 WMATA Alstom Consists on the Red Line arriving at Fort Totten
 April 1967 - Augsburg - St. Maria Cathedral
——
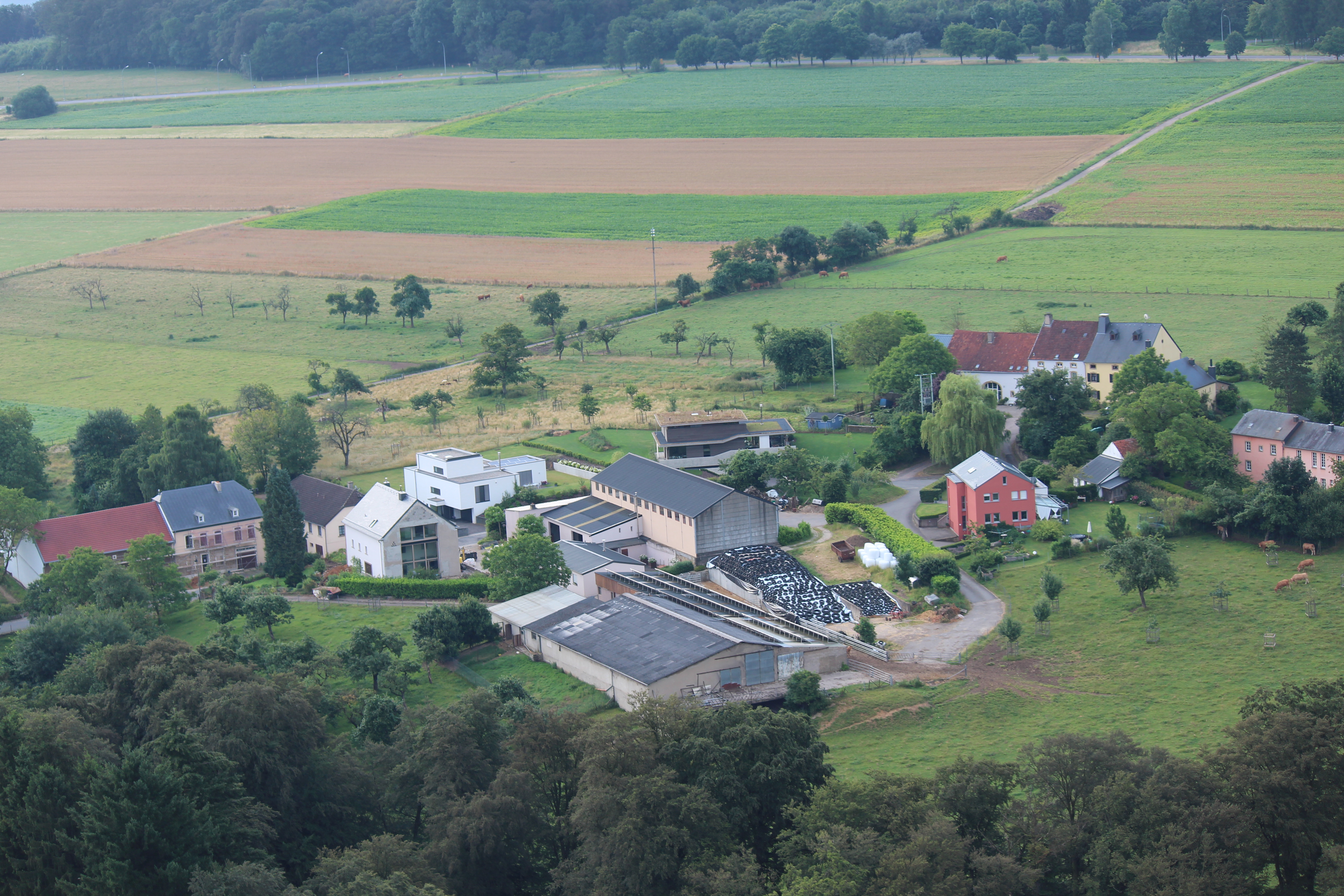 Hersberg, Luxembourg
——
EXERCISE DETAILS
The answer is the run of lines above from the line containing "WMATA Alstom Consists" through the line containing "April 1967 - Augsburg - St. Maria Cathedral", copied exactly and alone.

TASK RESPONSE
 WMATA Alstom Consists on the Red Line arriving at Fort Totten
 April 1967 - Augsburg - St. Maria Cathedral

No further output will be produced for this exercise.